[[ Data under study open ]]
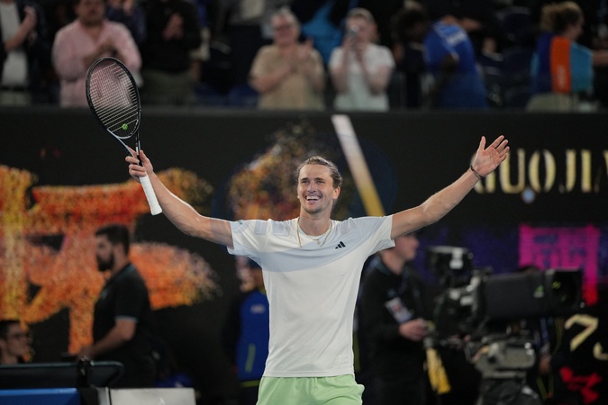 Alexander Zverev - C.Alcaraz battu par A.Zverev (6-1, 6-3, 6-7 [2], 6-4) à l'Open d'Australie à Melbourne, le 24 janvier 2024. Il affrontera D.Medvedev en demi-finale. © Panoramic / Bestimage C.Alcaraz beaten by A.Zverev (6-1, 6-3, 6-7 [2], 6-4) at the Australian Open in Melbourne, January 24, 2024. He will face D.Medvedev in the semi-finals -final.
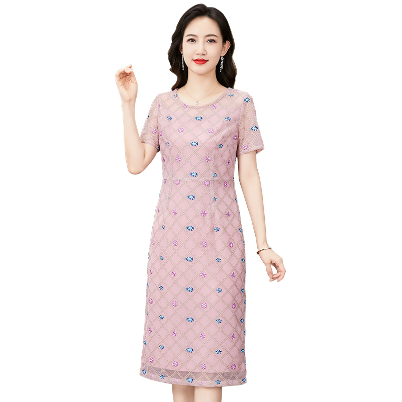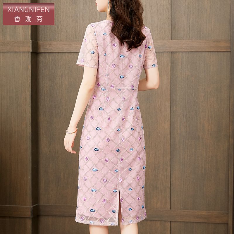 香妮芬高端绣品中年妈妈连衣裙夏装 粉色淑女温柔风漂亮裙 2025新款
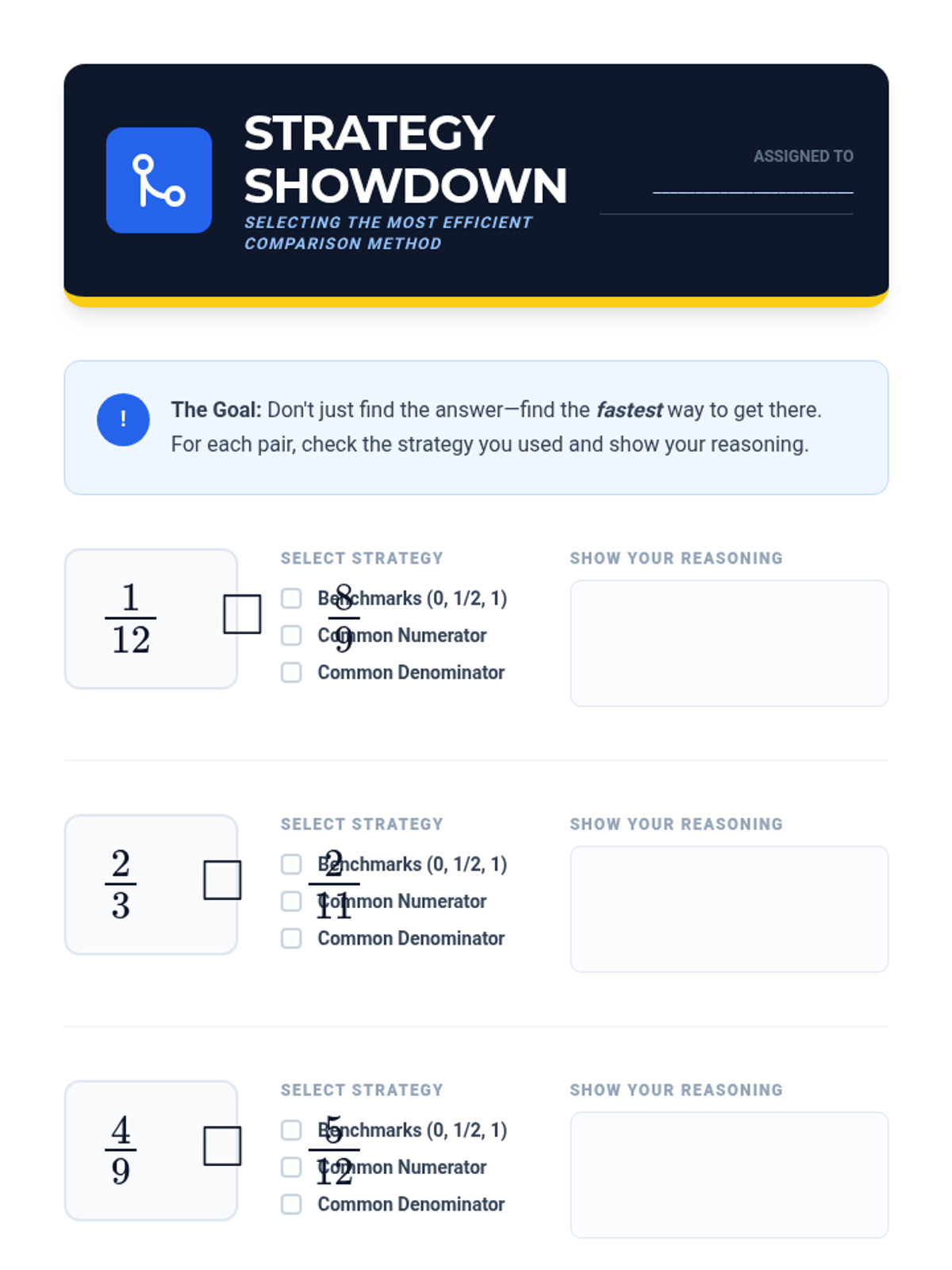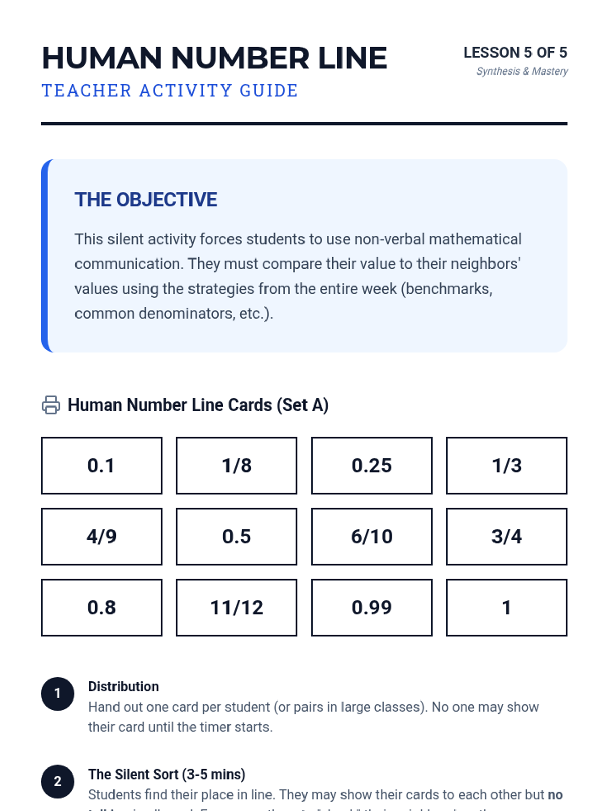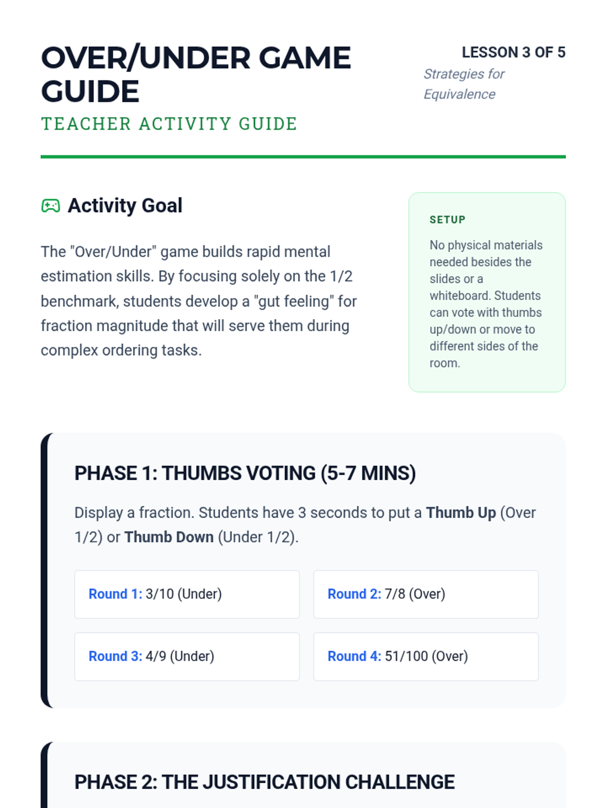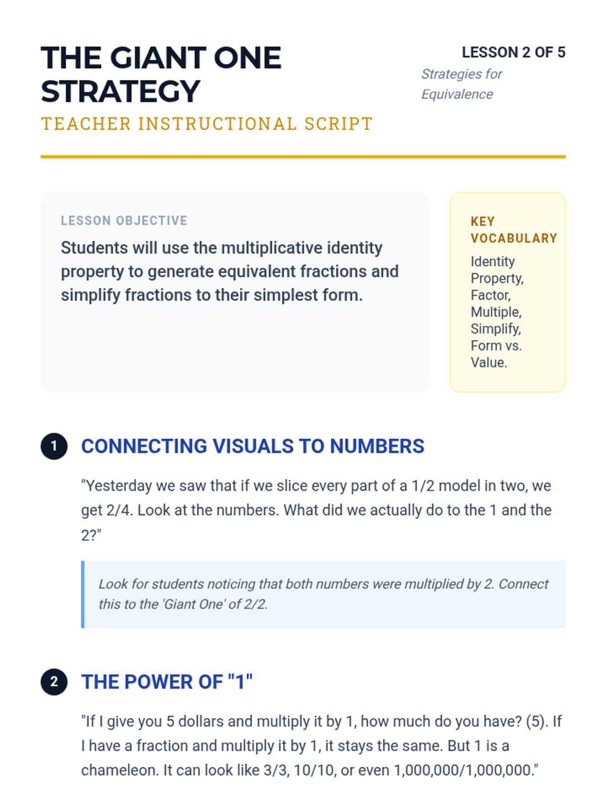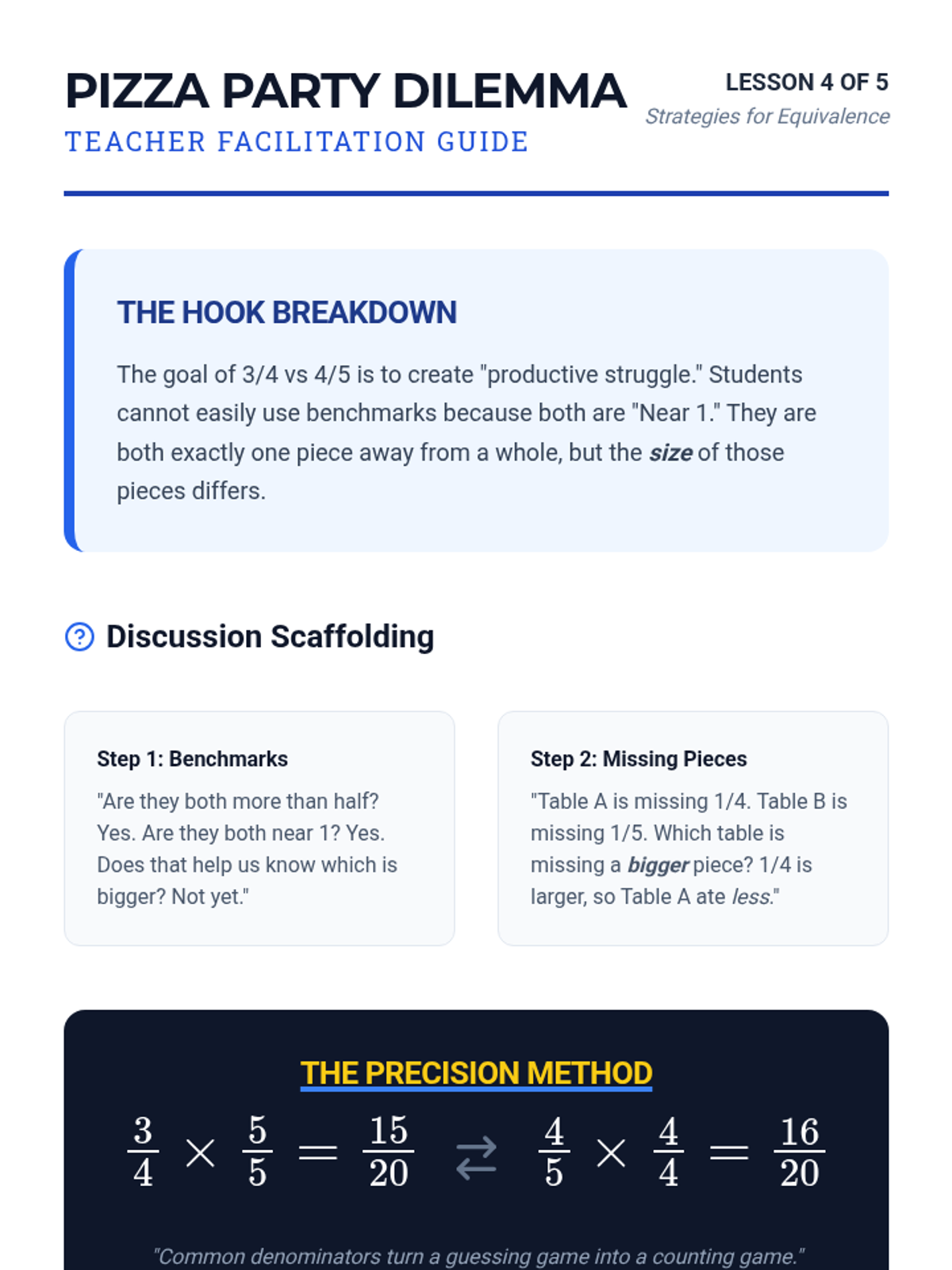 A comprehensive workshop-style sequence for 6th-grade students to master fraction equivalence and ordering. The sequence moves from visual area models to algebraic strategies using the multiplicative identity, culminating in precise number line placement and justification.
[[ Data under study closed ]]
[[ Data under study open ]]
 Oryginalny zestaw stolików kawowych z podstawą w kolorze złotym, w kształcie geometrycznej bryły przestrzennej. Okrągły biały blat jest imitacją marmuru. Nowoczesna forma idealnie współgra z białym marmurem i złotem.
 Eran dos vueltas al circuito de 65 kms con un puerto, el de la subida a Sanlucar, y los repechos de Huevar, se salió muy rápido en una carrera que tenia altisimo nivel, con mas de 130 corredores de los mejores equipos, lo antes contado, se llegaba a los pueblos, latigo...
[[ Data under study closed ]]
[[ Data under study open ]]
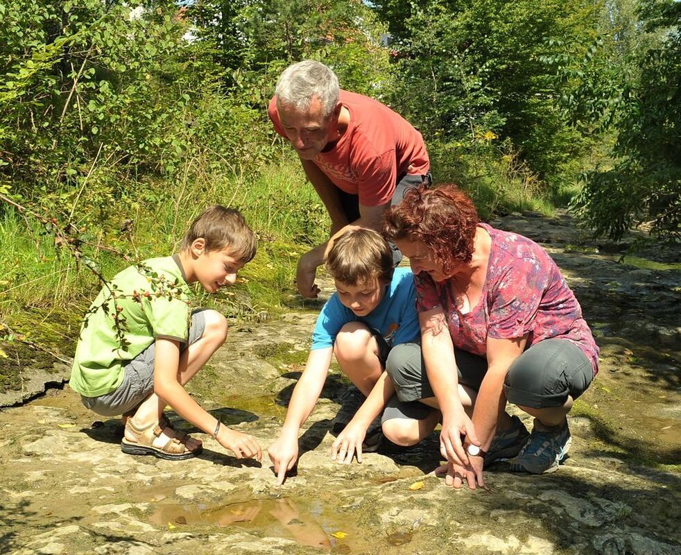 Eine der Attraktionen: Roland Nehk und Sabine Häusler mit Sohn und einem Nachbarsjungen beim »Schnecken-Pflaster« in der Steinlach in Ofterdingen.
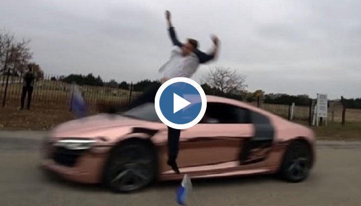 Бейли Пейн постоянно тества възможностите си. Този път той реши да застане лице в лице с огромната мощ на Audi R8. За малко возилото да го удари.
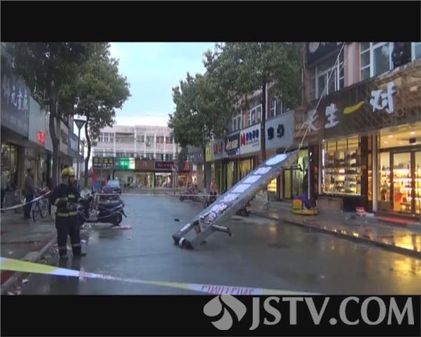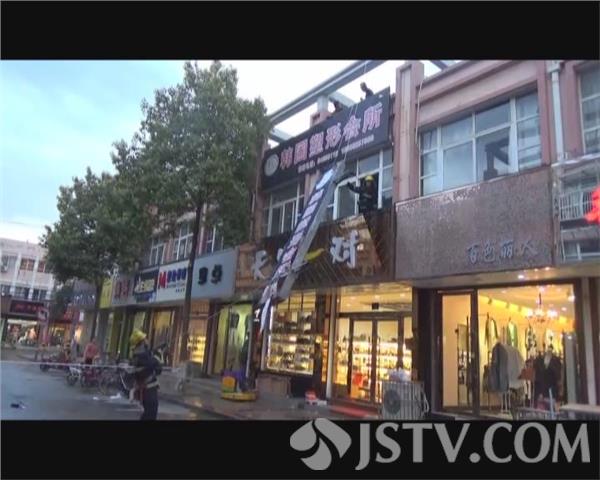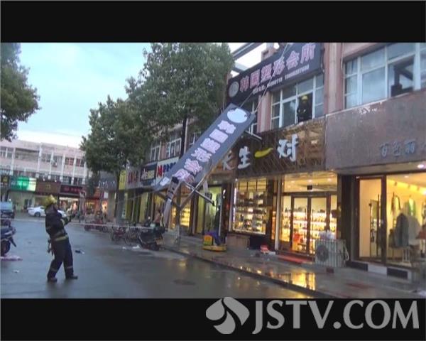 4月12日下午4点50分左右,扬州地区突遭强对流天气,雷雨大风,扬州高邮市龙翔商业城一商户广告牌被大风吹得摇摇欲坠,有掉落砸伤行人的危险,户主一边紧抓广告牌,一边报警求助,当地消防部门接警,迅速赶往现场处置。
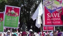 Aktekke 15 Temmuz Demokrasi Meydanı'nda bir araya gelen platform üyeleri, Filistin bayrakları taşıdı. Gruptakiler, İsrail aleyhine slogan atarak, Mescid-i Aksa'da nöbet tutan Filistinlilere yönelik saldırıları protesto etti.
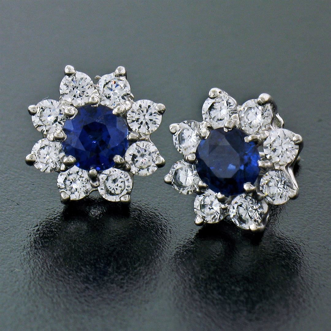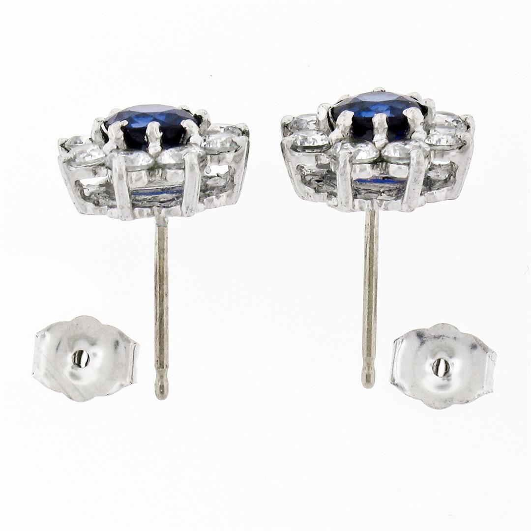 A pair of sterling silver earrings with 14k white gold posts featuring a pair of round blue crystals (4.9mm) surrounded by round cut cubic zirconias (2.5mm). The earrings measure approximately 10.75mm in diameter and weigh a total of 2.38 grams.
[[ Data under study closed ]]
• _Exercise instructions_
From the records above, copy only the lines running from the line holding "Бейли Пейн постоянно" through the line holding "4月12日下午4点50分左右", with no pictures.

• _Answer section_
 Бейли Пейн постоянно тества възможностите си. Този път той реши да застане лице в лице с огромната мощ на Audi R8. За малко возилото да го удари.
 4月12日下午4点50分左右,扬州地区突遭强对流天气,雷雨大风,扬州高邮市龙翔商业城一商户广告牌被大风吹得摇摇欲坠,有掉落砸伤行人的危险,户主一边紧抓广告牌,一边报警求助,当地消防部门接警,迅速赶往现场处置。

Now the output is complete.